Artificial intelligence is all over the news lately. Although it seems to be a current theme, the idea of using computers to mimic human cognition dates back to the days of Alan Turing. The bulk media coverage gravitates around neural networks, one of many machine-learning methods; seed started about 70 years ago by McCulloch and Pitts. You may have heard it with its super cool name Deep Neural Networks or Deep Learning. To make things clear, deep learning (DL) and deep neural networks (DNN) are a set of techniques inside the spectrum of neural networks.

Deep learning made tremendous mainstream success from about 2012 on because it proved powerful in performing tasks deemed possible only to humans. This is an ever changing, ever evolving field. As of today, DL excels in tasks involving image and voice understanding, text processing and translation, game playing as well as insight extraction from huge datasets.

The problem

Although there are some rules of thumb to get to know if a snake is venomous, like observing the head shape and skin patterns, those are not reliable methods. The task of identifying a venomous snake should always be left to specialists. However, since neural networks has the ability to learn specialized tasks by seeing many examples, we will try and see if we can get a neural network to correctly identify if a snake is venomous by image observation alone. In other words, we will try to develop the best machine learning snake specialists possible.

In this problem, the first challenge is to acquire data for processing.
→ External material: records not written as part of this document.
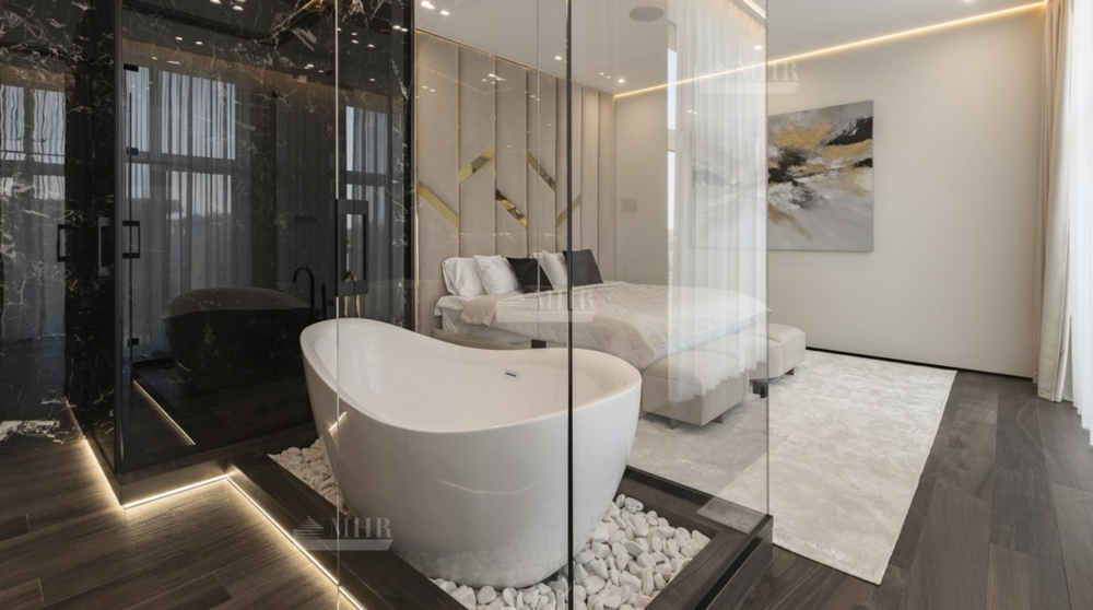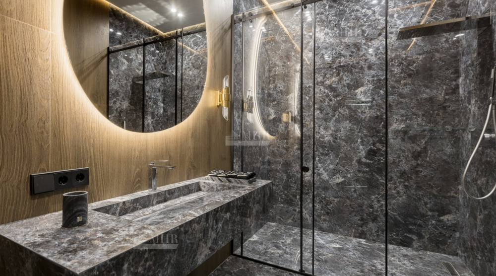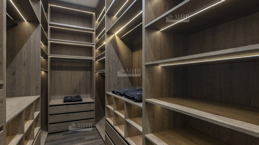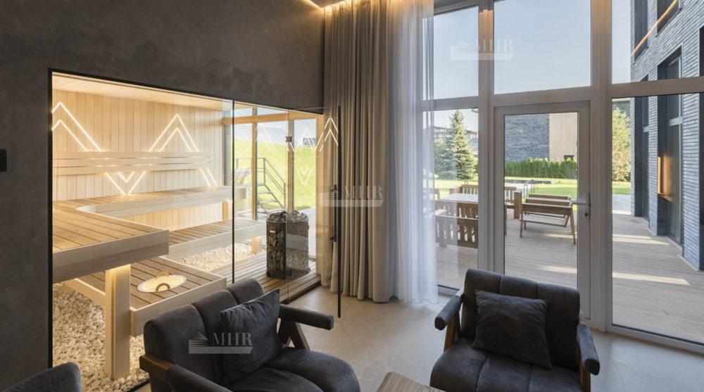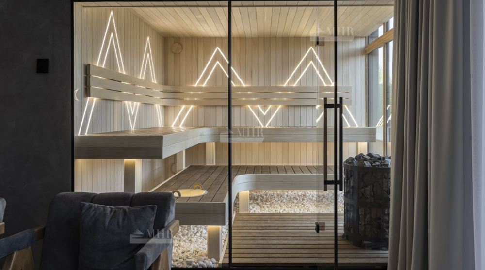Планировка включает 3 спальни, вместительные гардеробные и спа-зону с парной с печью Harvia и комнатой отдыха.
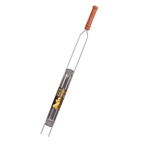 Sensacional espeto para assar queijo e pão de alho. Toda a praticidade que seu churrasco precisa com este o Espeto da Grilazer, Possui uma forma para colocar o seu queijo e levar à churrasqueira. Chega de ver seu queijo ou pão de alho caindo as brasas. Chega de desperdício pois ele possui um bandeja para colocar o pão ou o queijo. Seu churrasco estará muito mais completo. Você não pode ficar sem este espeto entre seus apetrechos de churrasco. Largura: 41,5 cm (Bandeja), 69 cm (Haste), 85 cm (Com Cabo)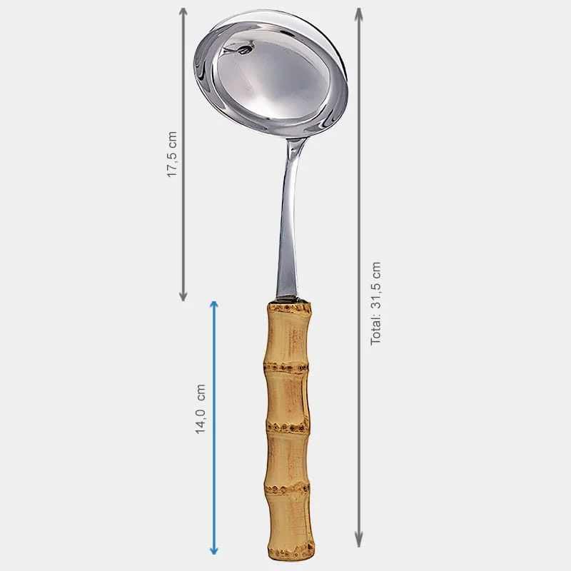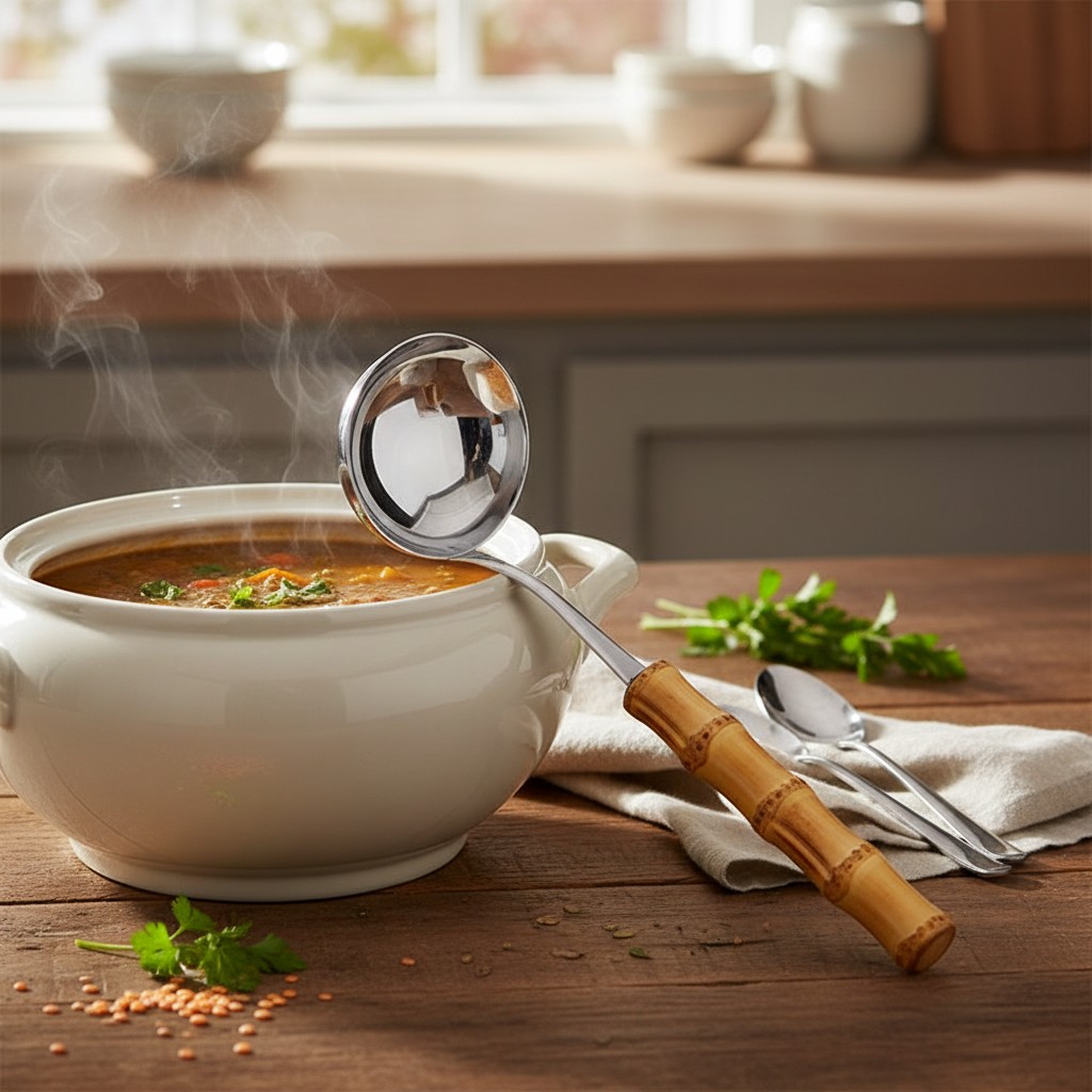 Sirva com elegância e praticidade: a Concha Grande em inox com cabo de bambu natural valoriza a mesa posta e transforma sopas, caldos, feijão e molhos em um servir mais bonito, acolhedor e sem bagunça. O tipo de peça que fica à vista na cozinha e faz diferença tanto no dia a dia quanto quando você recebe.

Unlike humans, which can learn something new with a handful of examples, current machine learning models are data hungry, needing large amounts of examples for it to internalize any knowledge. For instance, you can teach a child what is a cow, a bird or a snake with few textbook images, while machines need hundreds or even thousands of pictures to learn the same concept.

In order to acquire the dataset, the first source for snake pictures in mind is image search engines. This work used the Bing Image Search API, through a python routine provided by Adrian Rosenbrock to search and download snake pictures from the internet.

We downloaded pictures of two different snake species and try out different models to distinguish between both of them. After that, we manually screened the dataset to remove wrongly classified pictures and duplicates. We ended up with 317 images of pythons and 288 rattlesnakes, which is an unbalanced dataset with a ratio of about 52%/48%. We assume this will not be a big problem. To prepare the dataset for training in python programming language we did:

1. Resize all images to 128x128x3 RGB pixels

2. Shuffle python and rattlesnake images together.

3. Split the dataset into an approximate 80/20 train/dev sets.

4. Joined these images into two 4D arrays of size [# of samples, 128, 128, 3]

First model — Logistic Regression

Logistic Regression (LR) is a simple model for classification tasks with continuous features. It holds much resemblance with artificial neural networks, so we are going to call it the simplest neural network possible. It has only to neural layers, an input layer (which rigorously does not contain any neuron) and an output layer. In the input layer, we linearize each 3D matrix [width, height, color channels] containing a single image into a 1D vector with size [width × height × channels], rendering a layer with 49152 neurons. Each pixel can have 256 values indicating the color intensity in each channel. We preprocess these values so that each pixel intensity is between 0 and 1. Moreover, since our first problem is to choose between only two classes, we will have a single output neuron, which should ideally compute a value of 1 if the image contains a python or 0 if it contains a rattlesnake. The computation inside the output neuron is an affine transformation followed by a sigmoid activation function. More on that later. Translating the problem into a sentence would be:

Given a linearized input image, can we teach a single neuron to tell the probability of the image being either of the two snakes?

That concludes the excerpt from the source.